So you want to develop young players who are not ready to play in the NBA now, only to ultimately have to match a restricted offer sheet just to "keep them under your control" when they are ready? This is why Danny took Olynyk and why he had Draymond Green in for two workouts. This is not a Utah Jazz rebuilding plan, I guarantee you.
When you're selecting outside of the top 10, you go for the safe pick -- the guy you think has the best chance of simply being an NBA player.
Selecting in the high lottery is a different story. That's where most of the very best players are drafted, and a well run franchise will not have many opportunities to select high. In that range, you swing for the fences.

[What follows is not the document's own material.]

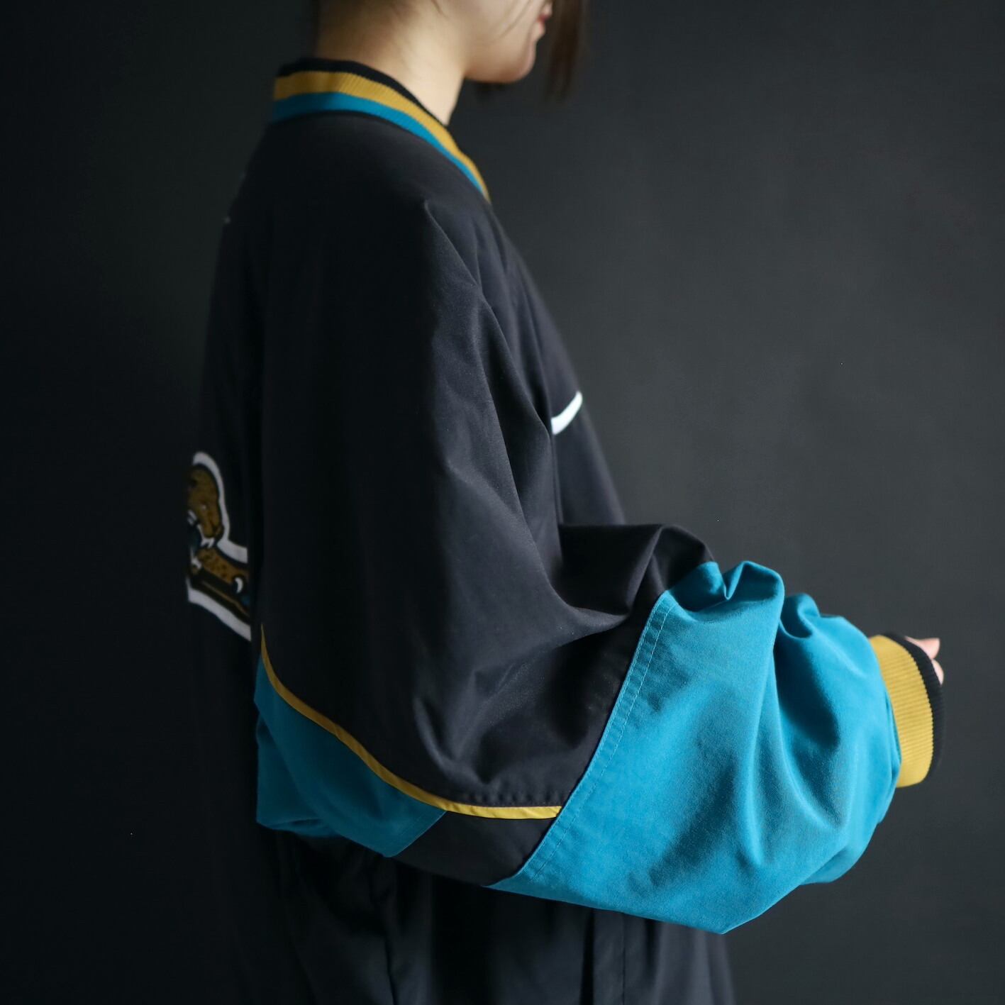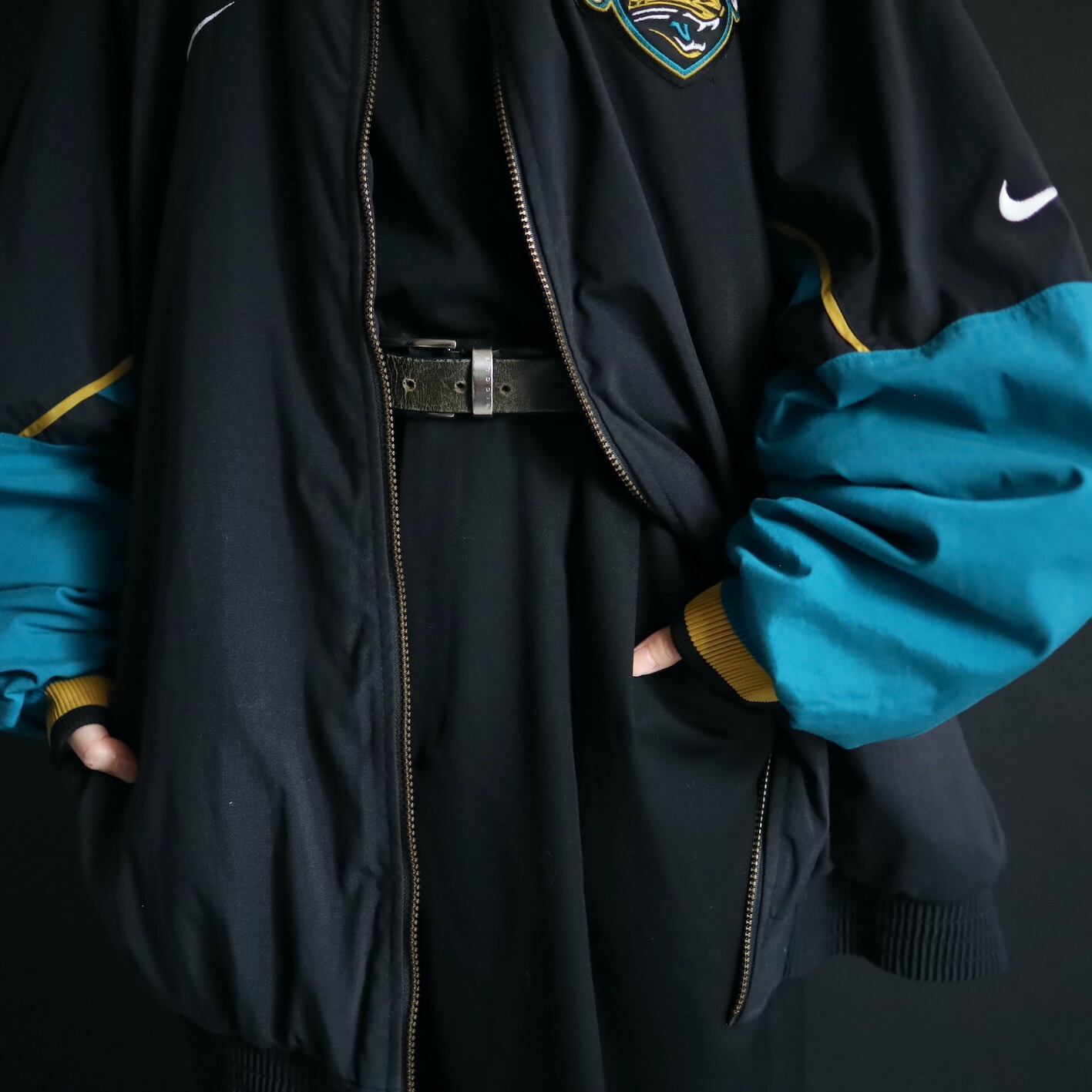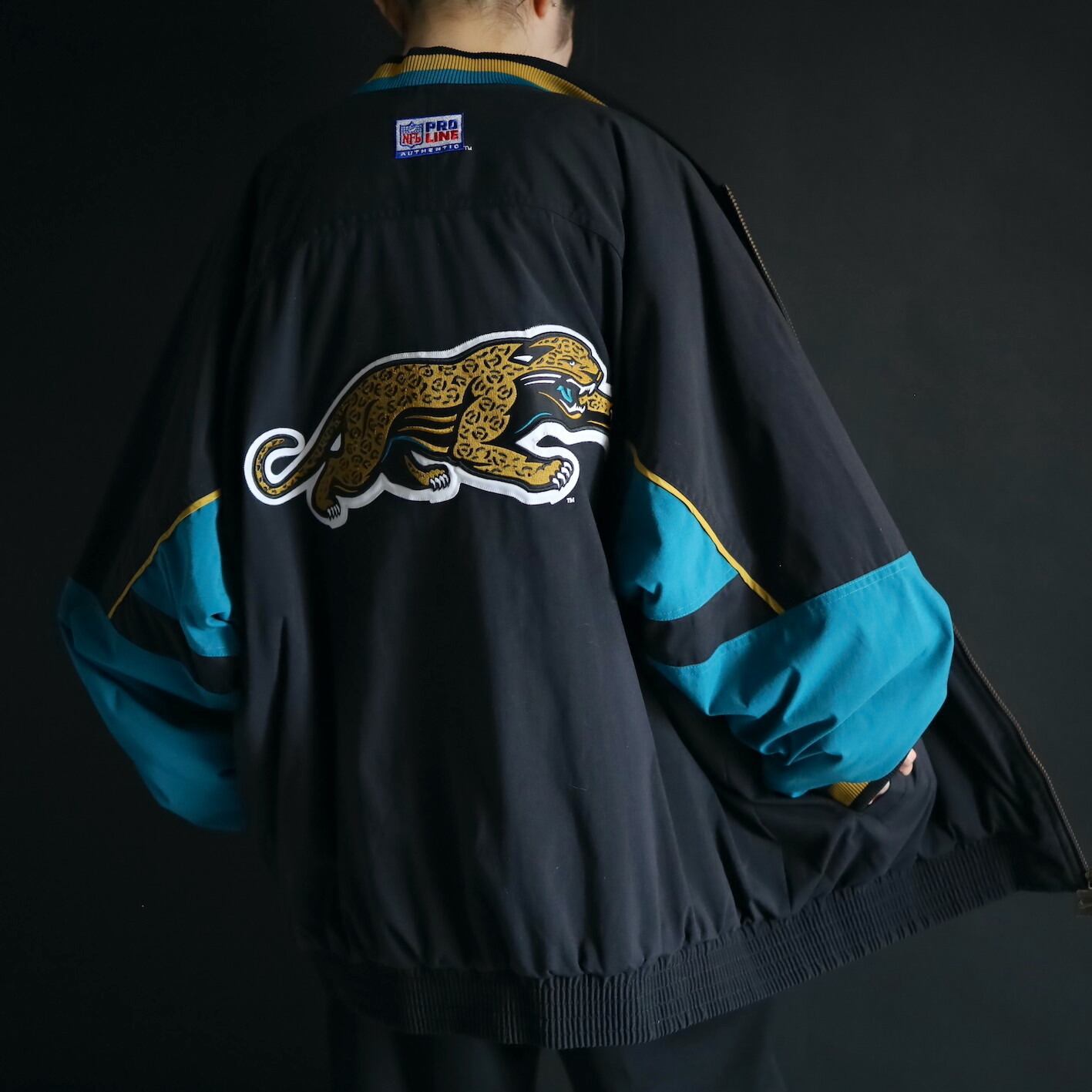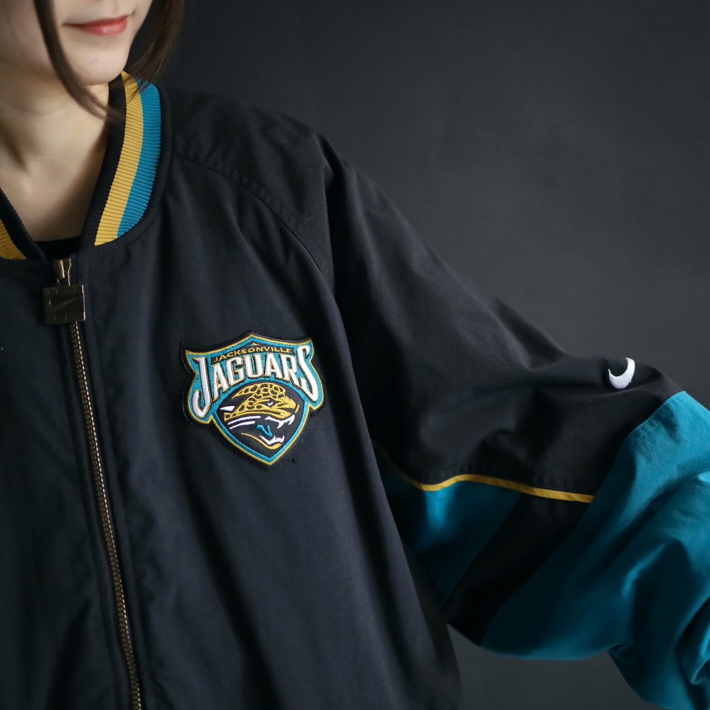 左胸にNIKEのスウッシュの,左胸とバックにNFLチーム,ジャガーズのロゴワッペン.

You don't build an extremely talented roster by making all safe picks.
I would say it is the other way around. You are correct that there may not be many opportunities to draft high. That is why making that high pick pay off sooner rather than later is so important. Outside the high lottery is where you swing for the fence. If it does not work, than you will have another try next year.
Being a more NBA ready draftee is mutually exclusive from having upside in IMO.
You wrote: "You don't build an extremely talented roster by making all safe picks."
I would counter that and say you do win a NBA championship by developing a lot of 18 year olds, unless LeBron is sitting there.
Also, why cannot a "safe pick" also be extremely talented? Did Detroit not make a mistake by swinging for the fences and taking KCP over Trey Burke? Does this somehow mean that Trey Burke cannot ever be "extremely talented", because he was a safer more NBA ready player?
Danny has had a couple of high picks. Did he shoot for fence as you say and take young upside players like Brandon Roy or Jeff Green? No, he made sure the high picks paid off and both high pick assets generated sure things like Ray Allen and much needed cap space that led to acquiring players who were NBA ready.
Draft strategy however is not my point. I choose not go by draft boards and the hype and prefer to judge players on what they do, as opposed how many magazine covers they are on or how highly they are "rated" by mock drafts.